The original script is designed to use only prices. I would like to use returns to fit my models and price for invested quantity but I don't see how do it.

I have tried:

to define a data frame of returns in the main and call it in run
to define a data frame of returns in the main as a global object and use where needed in the 'handle data'
to define a data frame of retuns directly in the handle data

I assume the last option to be the most appropriate but then I have an error with panda 'shift' attribute.

More specifically I try to define 'DataRegression' as follow:

DataRegression = data.copy()
DataRegression[Stock1]=DataRegression[Stock1]/DataRegression[Stock1].shift(1)-1
DataRegression[Stock2]=DataRegression[Stock2]/DataRegression[Stock2].shift(1)-1
DataRegression[Stock3]=DataRegression[Stock3]/DataRegression[Stock3].shift(1)-1
DataRegression = DataRegression.dropna(axis=0)

where 'data' is a data frame which contains prices, stock1, stock2 and stock3 column names defined globally. Those lines in the handle data return the error:

File "A:\Apps\Python\Python.2.7.3.x86\lib\site-packages\zipline-0.5.6-py2.7.egg\zipline\utils\protocol_utils.py", line 85, in __getattr__
return self.__internal[key]
KeyError: 'shift'

Would anyone know why and how to do that correctly?

Many Thanks, Vincent

Solution

This is an interesting idea. The easiest way to do this in zipline is to use the Returns transform which adds a returns field to the event-frame (which is an ndict, not a pandas DataFrame as someone pointed out).

For this you have to add the transform to the initialize method: self.add_transform(Returns, 'returns', window_length=1)

(make sure to add from zipline.transforms import Returns at the beginning).

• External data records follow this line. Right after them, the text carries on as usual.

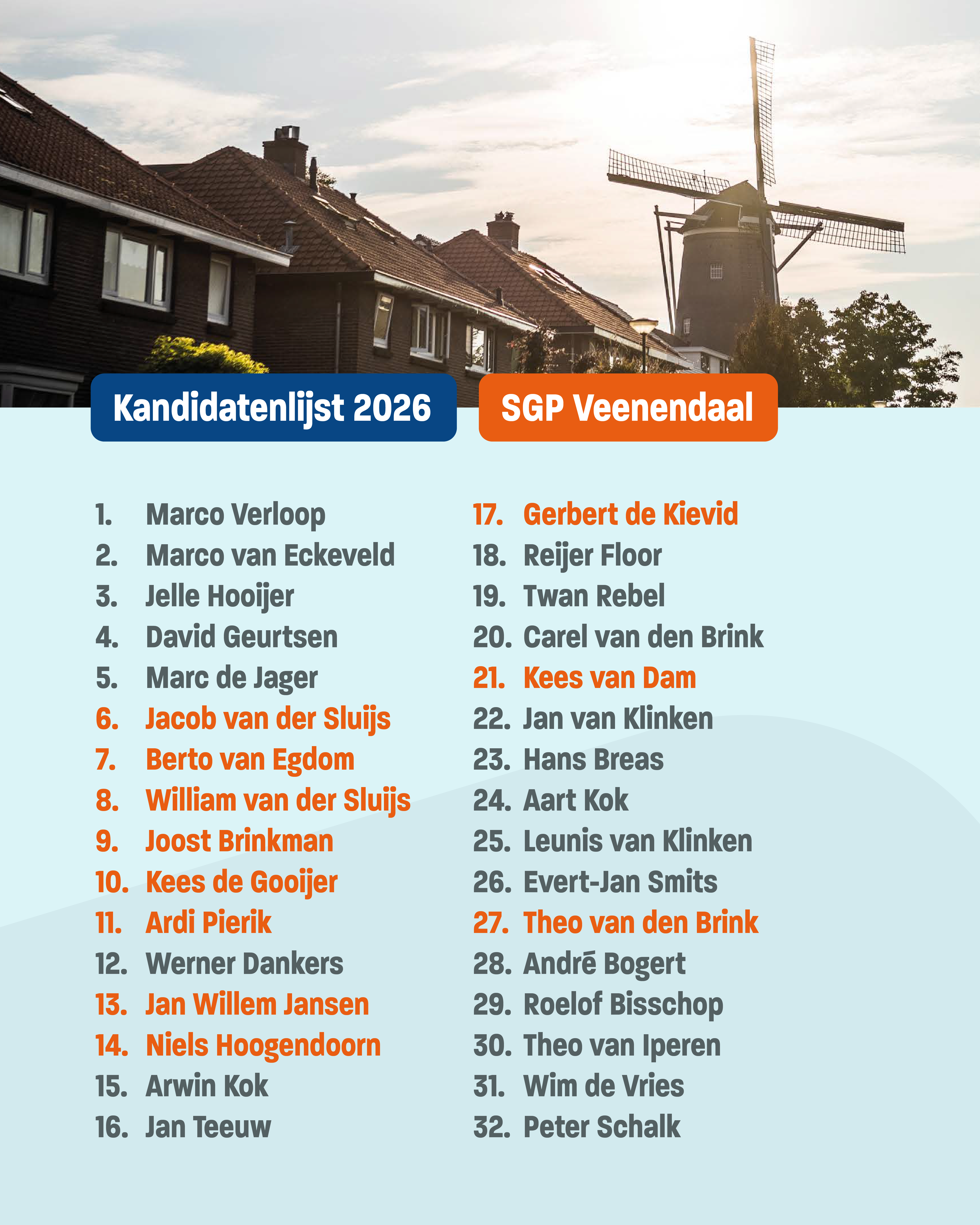 Tijdens de bestuursvergadering van 25 november 2025 heeft het bestuur van SGP Veenendaal de kandidatenlijst voor de gemeenteraadsverkiezingen van 2026 vastgesteld. We zijn dankbaar dat we elf nieuwe gezichten op de lijst hebben kunnen opnemen, waarvan vijf nieuwe kandidaten in de top tien.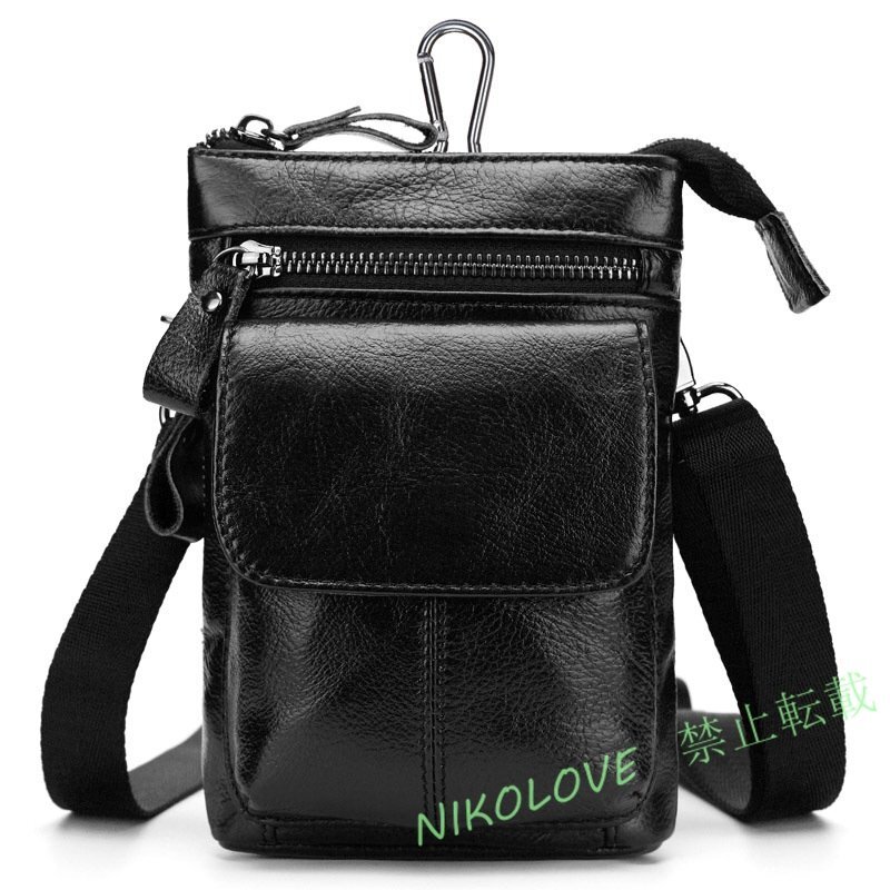 - ☆新品ウエスト 本革 レザー ポーチ ショルダー バッグ シザーケース シザーバッグ 2way メンズ カラビナ ショルダーベルト 付き 黒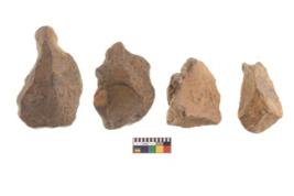 | Description / विवरण | There are n 4 of utilized worked cores and show irregular scar pattern on both dorsal and ventral side. One has a flat base while one has a broken tip. |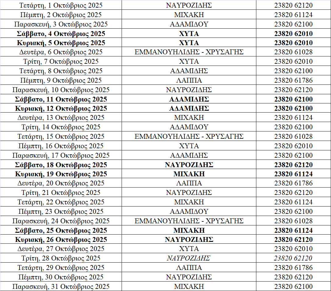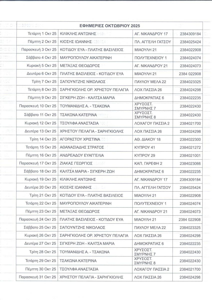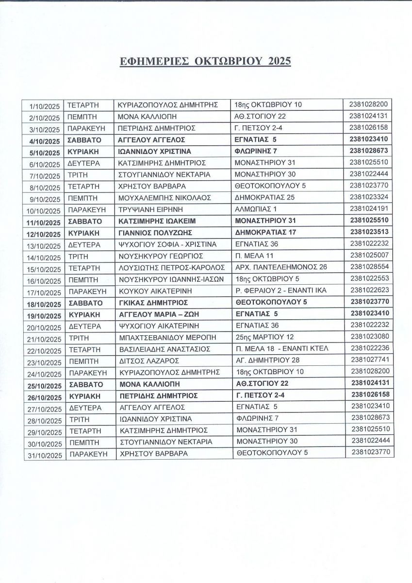 ΕΦΗΜΕΡΙΕΣ ΟΚΤΩΒΡΙΟΥ 2025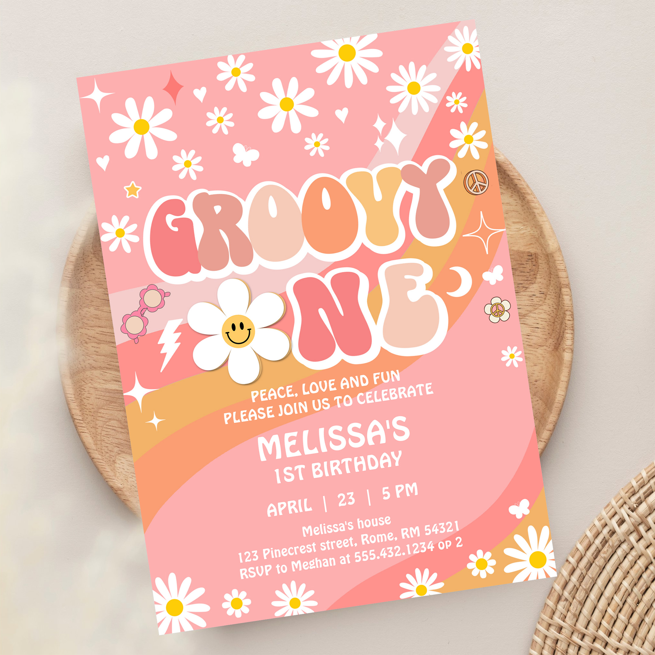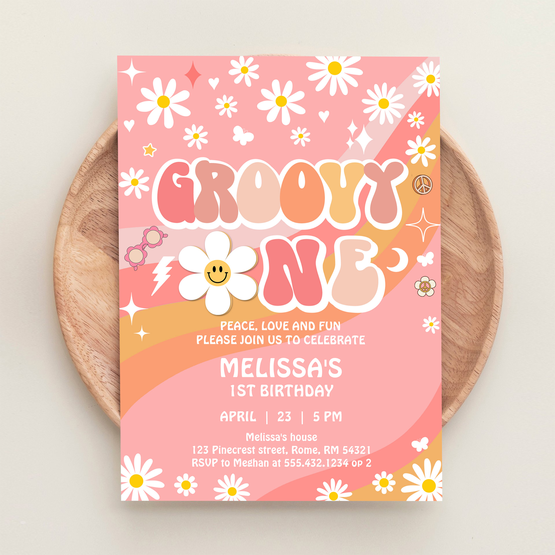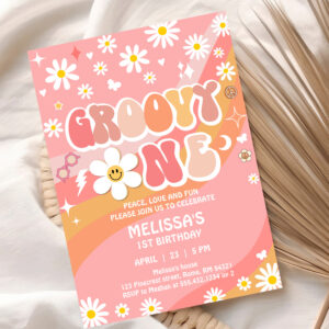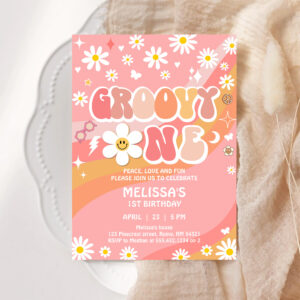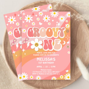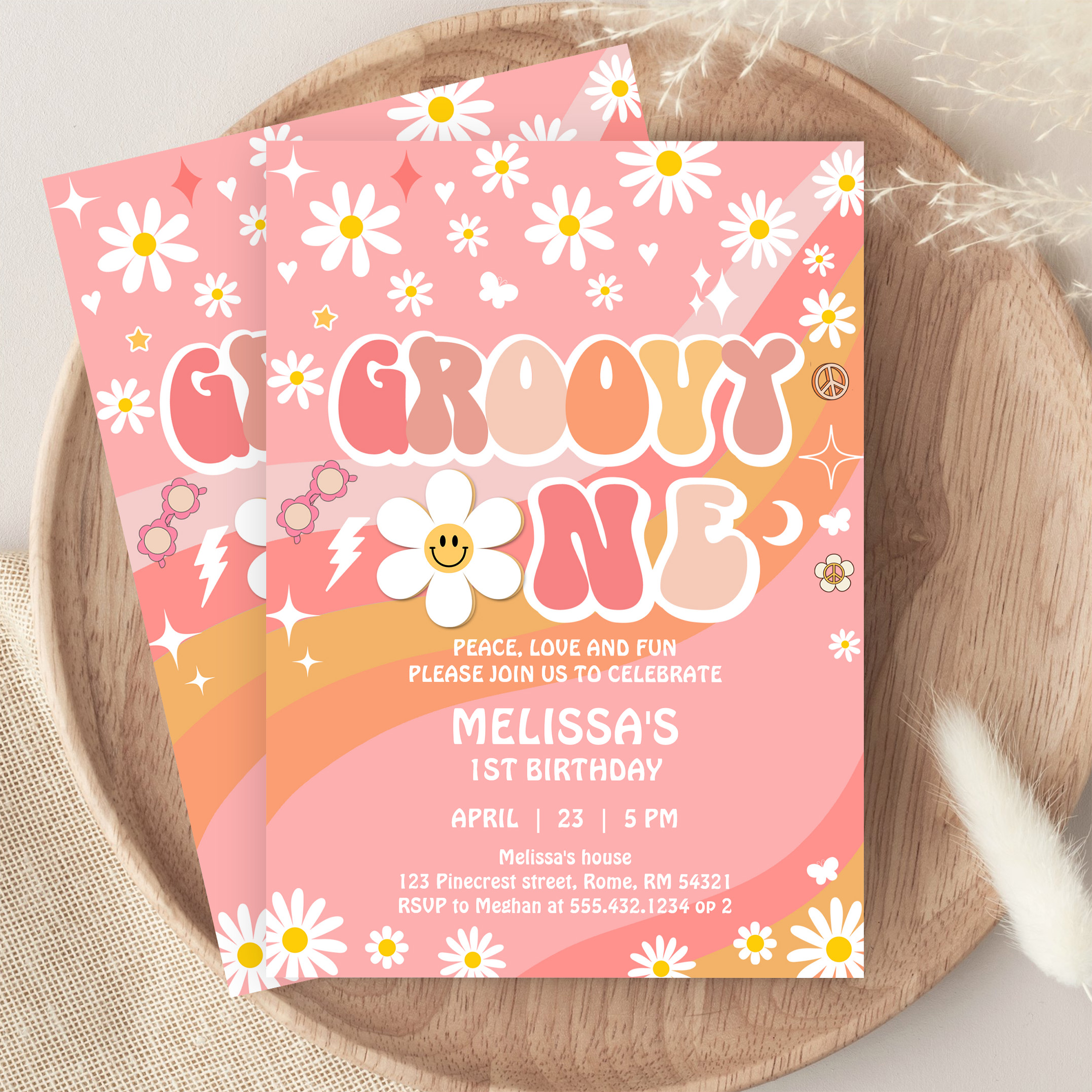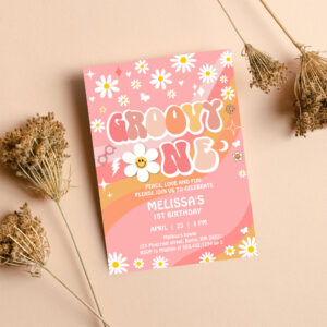 Groovy One 1st Birthday Daisy Smile Retro Hippie Invitation - Related products
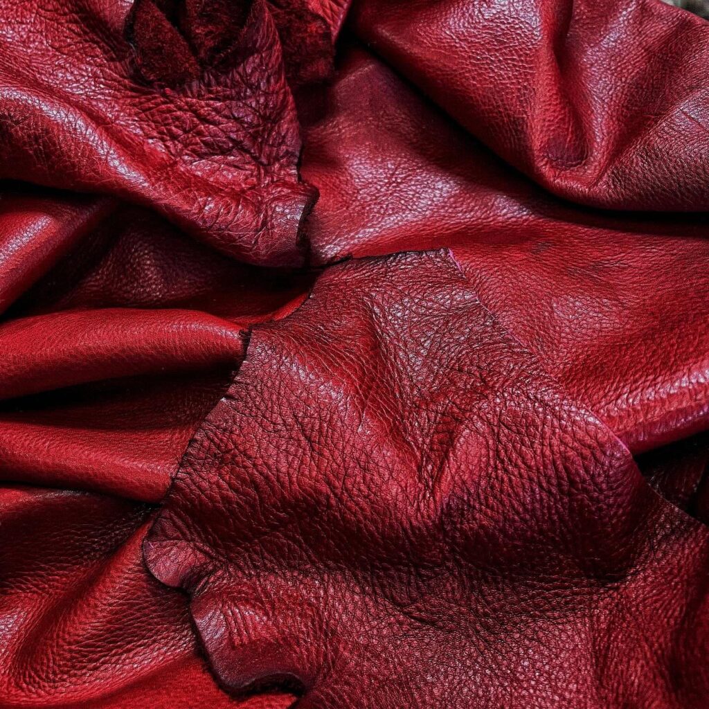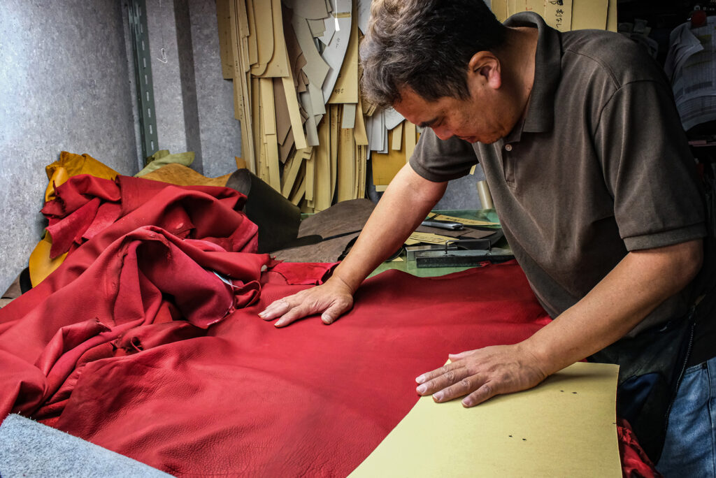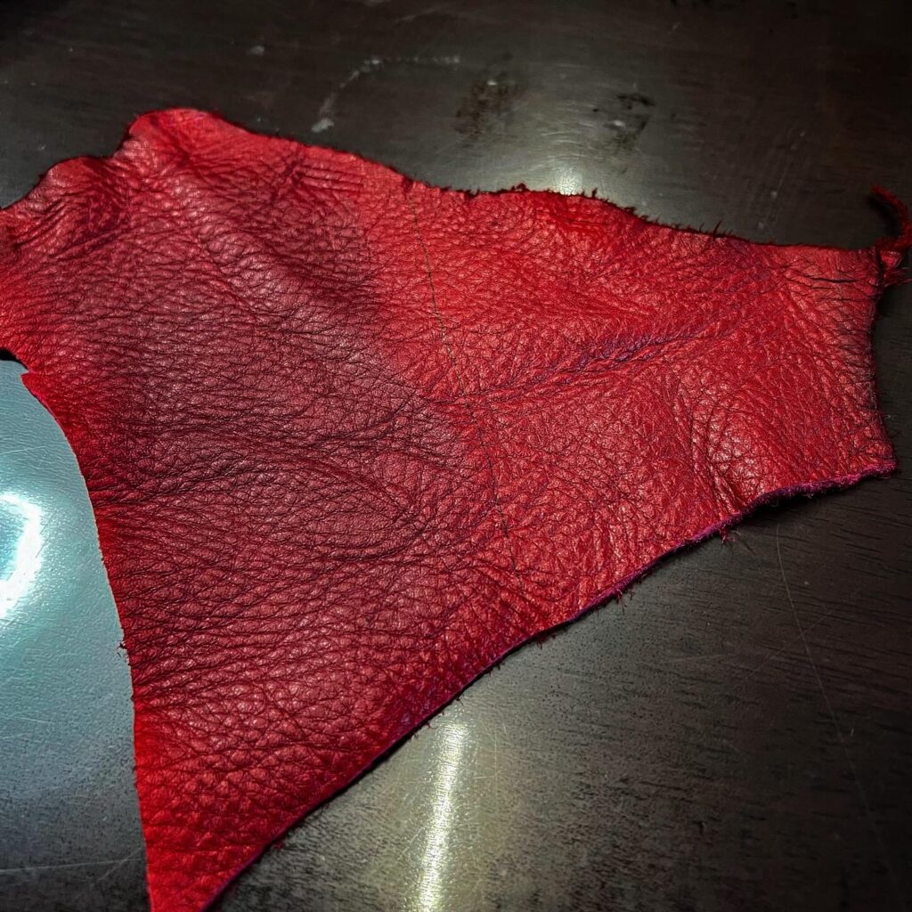 2025年5月、生産ファクトリーであるワイツーレザーを訪れた際、オガワが脳内でイメージする「赤鹿」の色味を再現し、色見本として藤岡勇吉本店の染色職人に渡すことにした。だが、赤い鹿革は手元にない。そこで馬革である「赤馬」のシボの部位を切り取り、オイルを擦り込んで深みを加え、色見本を作った。それが上写真である。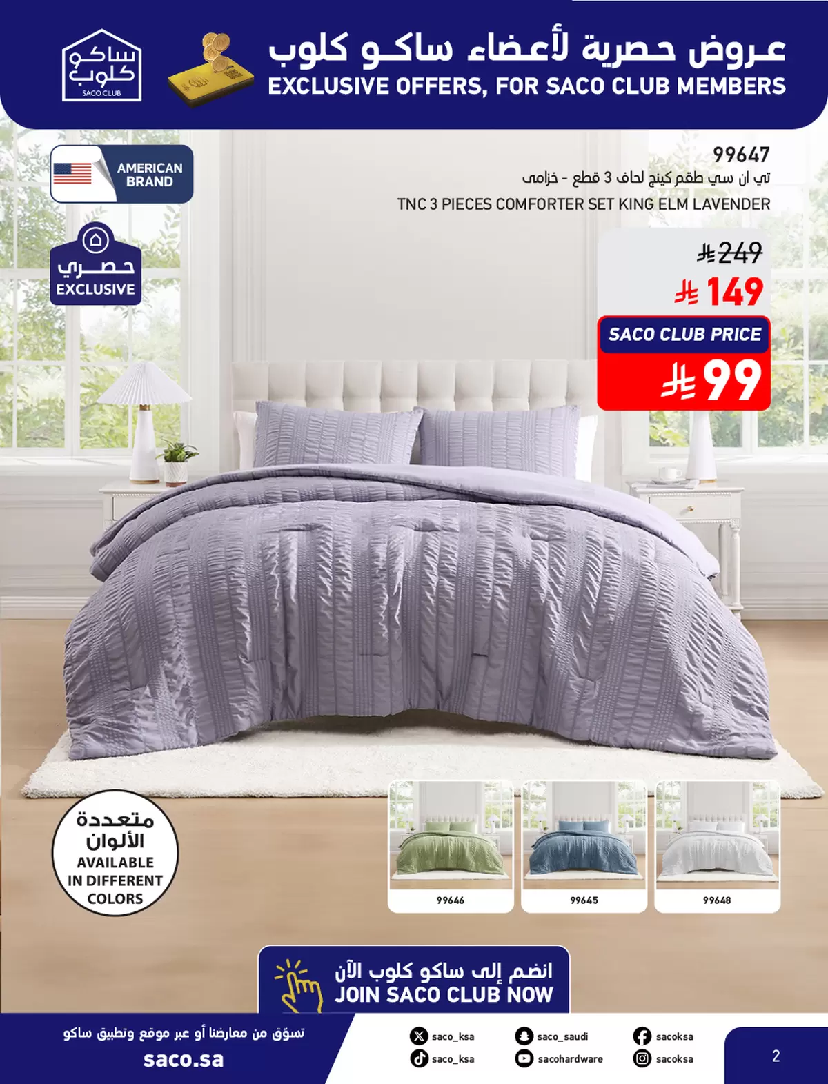 - مفروشات غرف النوم: طقم لحاف كينج (3 قطع) بألوان هادئة مثل الخزامي بسعر 99 ريال فقط.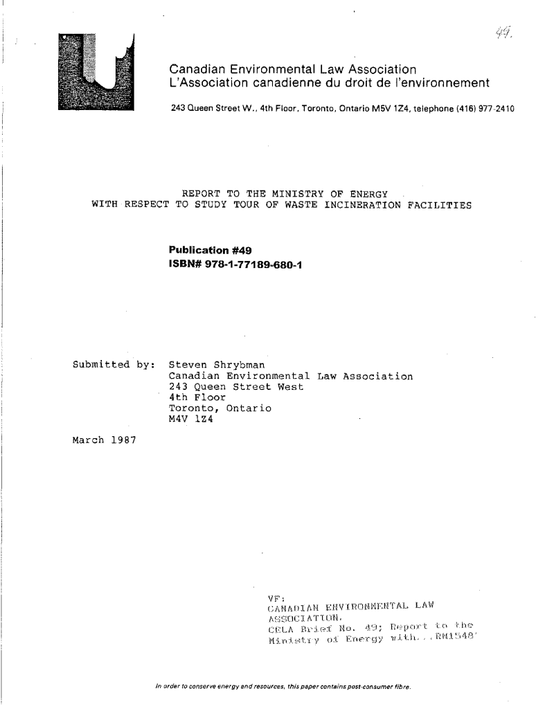 Report to the Ministry of Energy with respect to study tour of waster incineration facilities
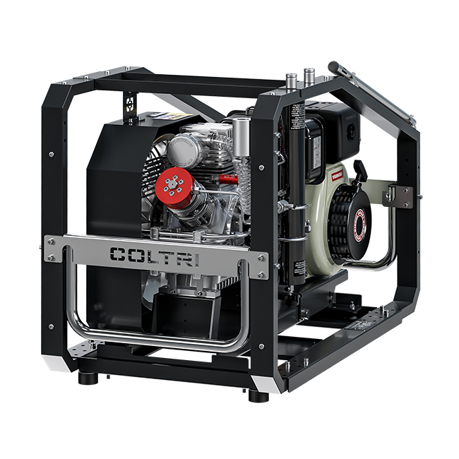 Компрессор для дайвинга Coltri Sub MCH-16 Ergo Diesel. Компрессор приводится в действие с помощью дизельного двигателя и обеспечивает производительность в 285 литров в минуту. Два зарядных устройства со сбросом давления обеспечивают при необходимости бесперебойное наполнение баллонов.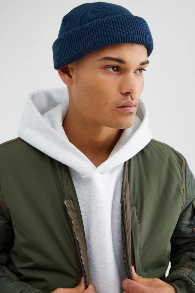 Short roll beanie from Urban Outfitters, crafted in a circular knit from an acrylic fabrication. Finished with an adjustable roll top for a customizable wear.

Then, inside the batch_transform you can access returns instead of prices:

@batch_transform
def ols_transform(data, sid1, sid2):
    """Computes regression coefficient (slope and intercept)
    via Ordinary Least Squares between two SIDs.
    """
    p0 = data.returns[sid1]
    p1 = sm.add_constant(data.returns[sid2])
    slope, intercept = sm.OLS(p0, p1).fit().params

    return slope, intercept

Alternatively, you could also create a batch_transform to convert prices to returns like you wanted to do.

@batch_transform
def returns(data):
    return data.price / data.price.shift(1) - 1

And then pass that to the OLS transform. Or do this computation inside of the OLS transform itself.

HTH, Thomas